Or to easily filter the records. Here we will subset the data for five core vaccines and a subset of time points.
# subset the records by vaccine and year for all countries
dat <- ic_filter(dat,
vaccine = c("DTP1", "DTP3", "MCV1", "MCV2", "PCV3"),
time = 2000:2018)
# cross-tabulations of source and vaccine
table(dat$coverage_category, dat$antigen)
#>
#> DTP1 DTP3 MCV1 MCV2 PCV3
#> admin 3020 3376 3320 2056 936
#> official 3061 3508 3489 1997 967
#> survey 594 643 637 56 163
Other specialised methods are available to filter out records for a country after the year of national introduction.
# subset records based on year of vaccine introduction
dat <- filter_yovi(dat)
table(dat$year, dat$antigen) # notice year of introduction for PCV3
#>
#> DTP1 DTP3 MCV1 MCV2 PCV3
#> 2000 310 377 353 14 0
#> 2001 291 353 345 112 0
#> 2002 281 350 340 112 0
#> 2003 302 378 368 127 0
#> 2004 343 396 398 148 2
#> 2005 369 420 416 166 2
#> 2006 341 385 384 166 3
#> 2007 372 419 421 190 8
#> 2008 351 391 385 187 12
#> 2009 359 401 398 200 28
#> 2010 357 402 398 207 68
#> 2011 374 411 408 215 89
#> 2012 373 416 414 231 136
#> 2013 363 394 394 243 165
#> 2014 365 398 393 254 194
#> 2015 367 398 397 286 234
#> 2016 378 411 408 301 261
#> 2017 396 421 420 322 287
#> 2018 383 406 406 336 283
Some further pre-processing of immunization data has been found to be necessary in preparation for the statistical modelling.
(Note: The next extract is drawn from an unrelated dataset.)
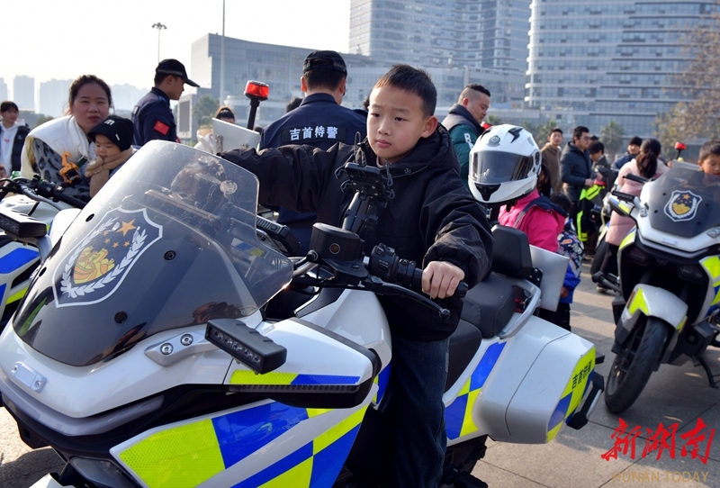 1月10日,吉首市“ 警彩吉首·平安共建”警营开放日暨岁末年初集中宣防活动现场,小朋友在体验驾驶警用摩托车。当天,各地举办形式多样的活动,庆祝第六个中国人民警察节。刘丹 姚方 摄影报道(湖南图片库)

We introduce functions to make it easy to carry out these steps.
Firstly, some records observe inconsistencies in the levels of coverage between multi-dose vaccines. To maintain consistency, where coverage of later doses cannot exceed earlier doses, we model the ratio between first and third dose. In this example, we only adjust DTP1 and DTP3, but other multi-dose vaccines could be processed in a similar manner.
# adjustment - use ratio for DTP3
dat <- ic_ratio(dat, numerator = 'DTP3', denominator = 'DTP1')
The ic.df
object will now store a note that this processing step has been carried out so that the ratio is back-transformed and that coverage estimates and predictions are adjusted appropriately.
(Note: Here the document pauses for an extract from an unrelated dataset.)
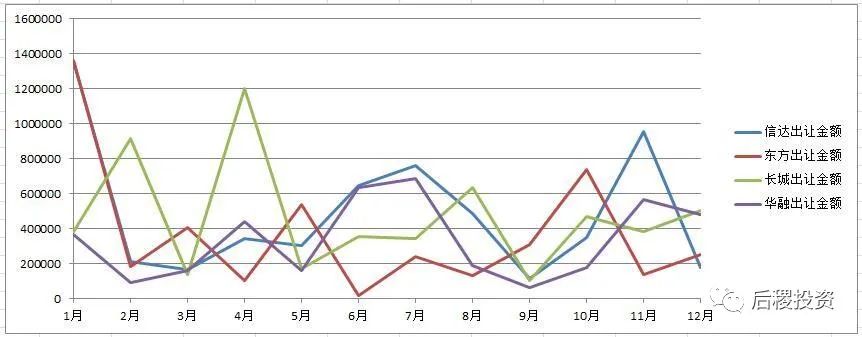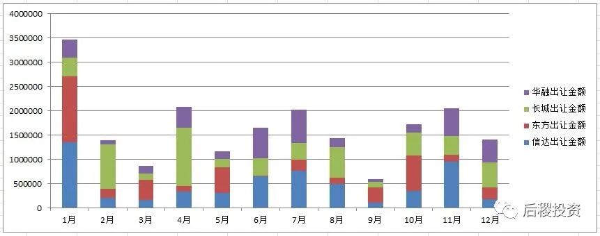 各家AMC出讓的次數表現和招標情況的表現大部分一致,但出讓戶數和金額表現則與招標大相徑庭,出現了全年曲線的糾纏。從總出讓金額上看,全年出讓高峰期是1月、4月、7月和11月,其中以1月最高。由于公告期和業務實際發生期的時間差,實際上每年的債權出讓高峰期應當是12月,屬年底沖量階段。但仔細分析,就會發現實際上1月份的出讓規模,主要是由東方和信達貢獻,而4月份則是由長城貢獻,其他各活躍月份也均是由某個別AMC貢獻較多,并不呈現出所有AMC的出讓情況均隨月份一致變動的情況,這對債權不良資產轉讓存在淡旺季的說法可能是一個挑戰。而實際上,拋開4月份,信達全年的曲線和總金額全年曲線是相當一致的,這也體現了信達在轉讓市場上對市場情況的影響力。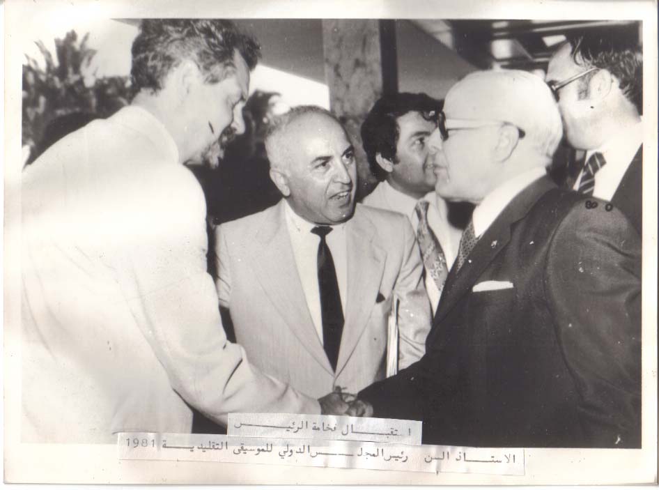 الاستاذ صالح المهدي للرئيس حبيب بورقيبة رئيس المنظمة العالمية للفنون و التقاليد الشعبية

Secondly, we need to force coverage estimates to lie between 0% and 100%.
# maintain coverage between 0-100%
dat <- ic_adjust(dat, coverage_adj = TRUE)
The core of imcover
is the functionality to fit a Bayesian statistical model of multiple time series. The sources of coverage data (in this example administrative, official and surveys) are taken as multiple, partial estimates of the true, unobserved immunization coverage in a country. A Bayesian estimation approach allows us to incorporate these multiple datasets, place prior beliefs on which sources are more reliable, share information between countries, and to quantify uncertainty in our estimate of the latent immunization coverage.
imcover
provides an interface to Stan
(https://mc-stan.org/) for statistical computation. This means that, in addition to imcover
, many of the tools for assessing model performance and visualizing results from Stan
will work for imcover
results.
In this demonstration will start by fitting a model to a single region of data using ic_fit
by passing in the ic.df
object and several arguments that control the posterior sampling.
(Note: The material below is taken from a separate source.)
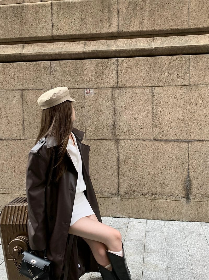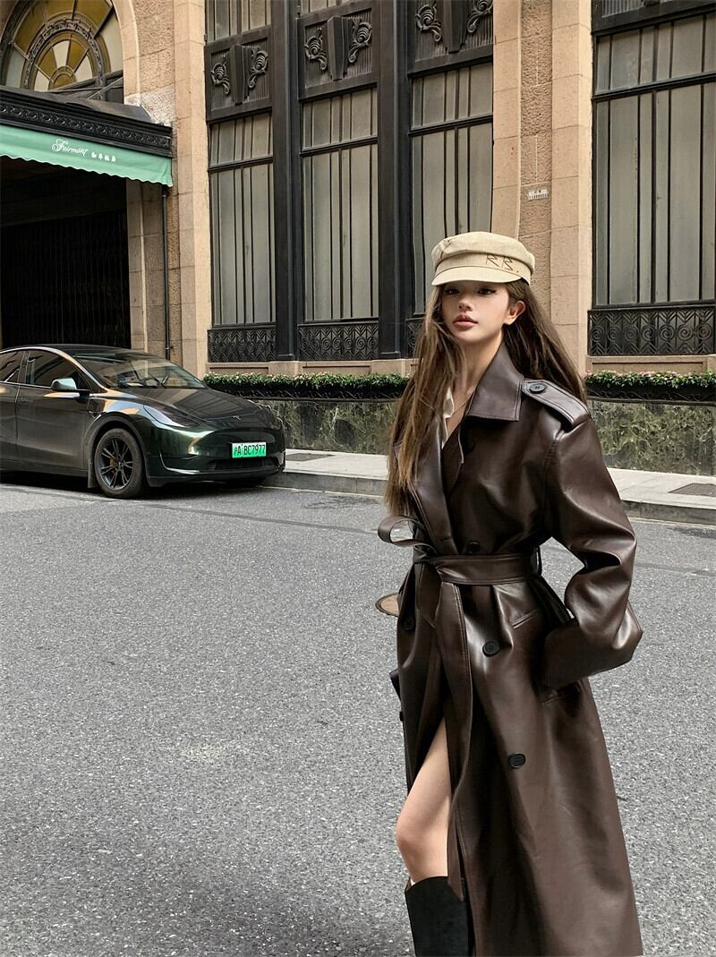 レトロなロング膝上コート、高級レディース秋冬新作英国風ルーズレザーウインドブレーカー、甘くてクールなストリートコート 大人ガーリー スウィート キュート カジュアル オータム 秋物 ウィンター 冬物 nana19006596012 | modepoisson

options(mc.cores = parallel::detectCores()) # enable parallel processing
# Fit model to a single region of data
fit1 <- ic_fit(dat[dat$region == 'AFRO', ],
chains = 4,
iter = 2000,
warmup = 1000)
After fitting the model, we can work with the parameter estimates and estimates of coverage. For example, we can easily make graphs of coverage estimates. Notice how imcover
has a generic function defined to specially handle objects returned by ic_fit
.
# Plot of coverage
plot(ic_filter(fit1, vaccine = 'DTP1',
country = c('BWA', 'SLE', 'GHA', 'NGA')),
ncol = 2)
The main output of the model is a table of coverage estimates for each country, vaccine, and time point along with uncertainty around each estimate. We can extract these data as a table, save them to a data frame, or write them out to a file for use in a report.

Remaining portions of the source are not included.